PROBLEM STATEMENT
What is needed is an exact transcription of the listing, with the images removed.

SUPPLIED INFORMATION
■ ■ ■ ■ ■ ■ ■

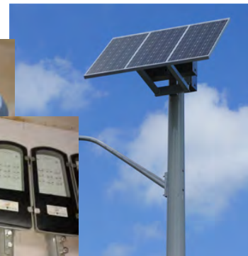
Solar Street Light
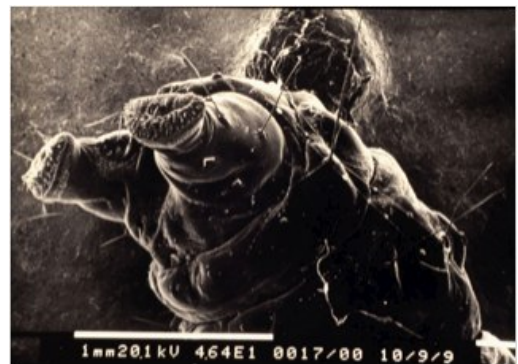
This microscopic photo shows a rock dusted insect disabled as the dust penetrates segments and organs.

of resistant pests. A farmer spraying insecticides on his fields is unintentionally breeding weak plants and strong insects. Any responsible approach to short-term pest control

■ ■ ■ ■ ■ ■ ■

EXPECTED ANSWER
Solar Street Light
This microscopic photo shows a rock dusted insect disabled as the dust penetrates segments and organs.

of resistant pests. A farmer spraying insecticides on his fields is unintentionally breeding weak plants and strong insects. Any responsible approach to short-term pest control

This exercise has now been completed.